A Dec. 5 analysis by the theologian Zoltán Csizmadia, published by the Hungarian Catholic website Szemlélek, said the bishops’ statement was a politically significant intervention.
“In recent years, the Hungarian Catholic leadership has rarely openly criticized the government’s bioethical or family policy decisions, even when they deviated from Church teaching,” Csizmadia wrote.
“This reaction also points to an emerging values-based tension between the government, which flies the flag of Christian Democratic identity, and the Catholic Church, a tension that has previously been masked by political caution.”
He added: “With this bill, the government is also stating that its previously proclaimed Christian value system is not absolute but an element that can be moved as the occasion demands. This not only affects the current issue but may have long-term consequences for the social role of the Church.”
“That a state decision is made against the Catholic Church on one of the most critical issues of Christian teaching can set a precedent: if no conflict arises now, it is even less likely later. The process is also a purification of values: a moment when political actors involuntarily reveal what they consider to be a genuine priority and what they use as an identity-forming communication tool.”
Members of Fidesz introduced the bill in the Hungarian Parliament in October as a proposed amendment to the country’s 1997 health care act. But despite passing its initial readings, the bill was removed from the parliamentary agenda Dec. 2, ahead of a scheduled committee hearing, amid internal ethical debates within Fidesz.

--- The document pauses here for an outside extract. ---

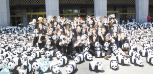 熊貓軍團(tuán)“占領(lǐng)”首爾 5月23日,在韓國首爾,展覽工作人員與紙制大熊貓合影。當(dāng)日,1600只紙制大熊貓?jiān)谖挥谑谞柺兄行牡氖雷谖幕瘯?huì)館前亮相?!凹堉拼笮茇埵澜缰谩被顒?dòng)創(chuàng)辦于2008年,由世界自然基金會(huì)和法國藝術(shù)家保羅·格蘭金聯(lián)合發(fā)起,以回收的廢紙和雞蛋殼為材料,設(shè)計(jì)制作1600只形態(tài)各異、表情豐富的大熊貓,目的是推廣保護(hù)大熊貓和民眾的環(huán)保意識。新華社發(fā)

Péter Takács, Hungary’s State Secretary for Health, suggested a revised bill could be presented in early 2026, potentially after a parliamentary election scheduled for April 2026. The revisions would likely concern the question of compensation payments, rather than the practice itself.
The election will pit Orbán against Péter Magyar, leader of the opposition Tisza Party. Magyar is a former Fidesz politician with a Catholic background. Opinion polls put Tisza in the lead ahead of the 2026 election, but say Fidesz is narrowing the gap.